De forma geral, a vacina é composta por antígenos com características do patógeno para que, uma vez em contato com o vírus ou a bactéria, o organismo o reconheça, ativando a resposta imunológica. O sucesso de um imunizante depende da habilidade das proteínas produzidas pelas células imunitárias de se “encaixar” seletivamente no microrganismo-alvo, como em um quebra-cabeças.
Ganchos
A estrutura do vírus da gripe consiste em uma série de moléculas em forma de gancho — a hemaglutinina — que se fixa nas células das vias respiratórias e nos pulmões. A vacina padrão contra influenza contém uma mistura de quatro “ganchos”, um para cada versão mais comumente circulante. Porém, em algumas pessoas a eficácia pode ser tão baixa quanto 19% porque esses indivíduos não desenvolvem anticorpos suficientes para um ou mais subtipos.

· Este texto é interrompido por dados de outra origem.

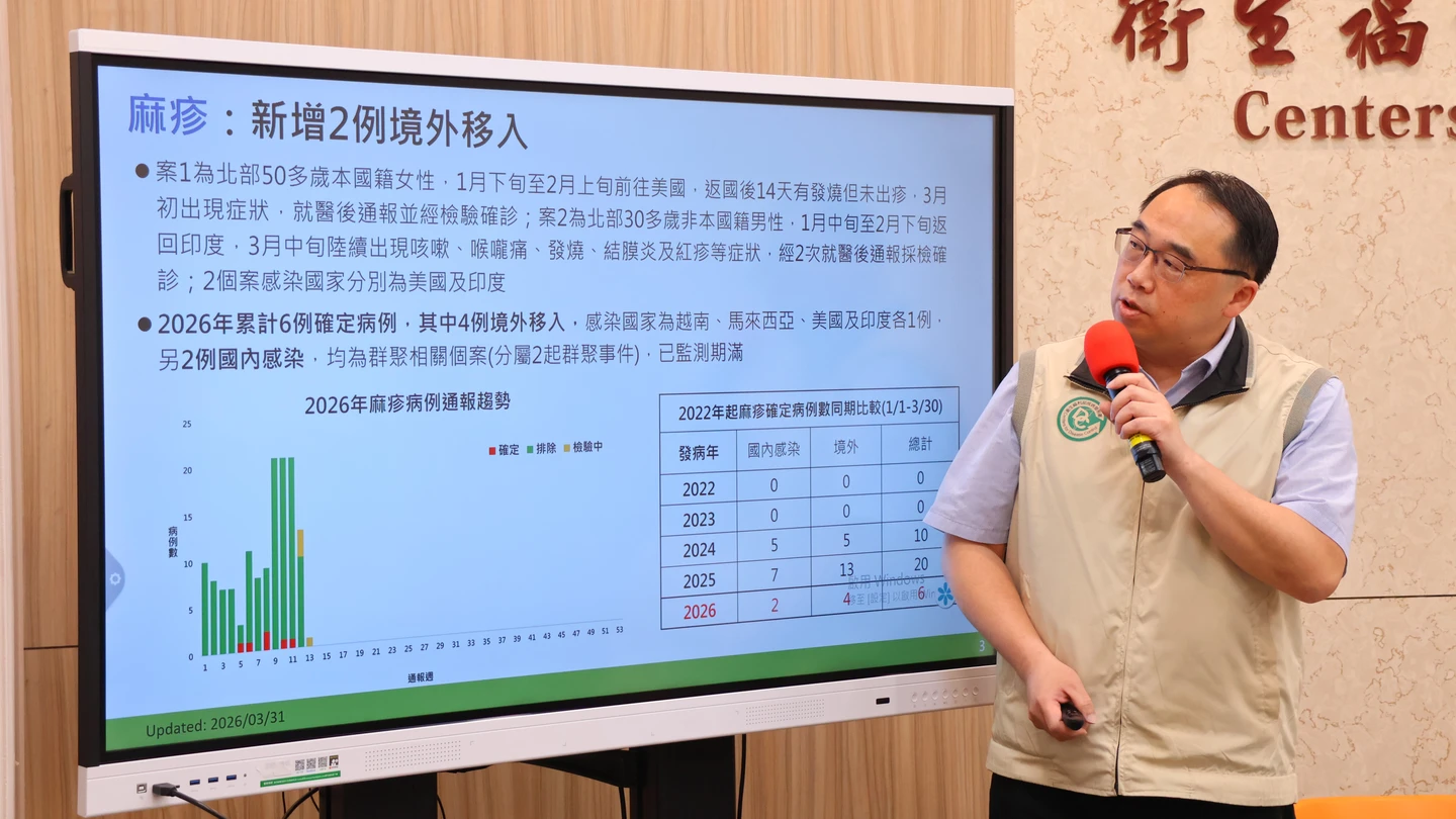 【記者林芳如/台北報導】國內新增2例境外移入麻疹,疾管署說明,案1為北部50多歲本國籍女性,今年1月下旬至2月上旬前往美國紐約,返國後14天有發燒但未出疹,3月初出現意識不清疑似腦炎症狀,至醫院急診後通報檢驗確診,匡列接觸者339名;案2為北部30多歲印度籍男性,今年1月中旬至2月下旬返回印度,返台後16天陸續出現咳嗽、喉嚨痛、發燒、結膜炎及紅疹等症狀,經2次就醫後通報採檢確診,匡列接觸者719名。
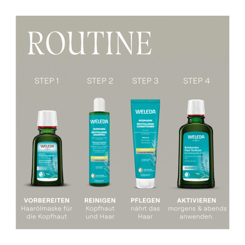- Vitalisiert Kopfhaut und Haare mit Rosmarin.

A equipe de Stanford, liderada pelo professor de microbiologia e imunologia Mark Davis, descobriu porque isso acontece e encontrou uma forma de forçar o sistema imunológico a responder contra todos os subtipos, de forma mais robusta. Em um comunicado à imprensa, Davis afirmou que “isso poderia fazer uma enorme diferença na capacidade da vacina de evitar que soframos consequências das infecções por gripe”. A OMS estima que, anualmente, haja 1 bilhão de casos no mundo, sendo que de 3 milhões a 5 milhões são graves.
Em laboratório, os cientistas construíram uma matriz molecular contendo os quatro antígenos da influenza, juntos. Na vacina padrão, eles são administrados na forma de partículas separadas, dentro da mesma substância. Ao unir quimicamente os tipos de hemaglutinina, os pesquisadores conseguiram forçar o sistema imunológico a reconhecer todos eles, criando anticorpos capazes de combatê-los.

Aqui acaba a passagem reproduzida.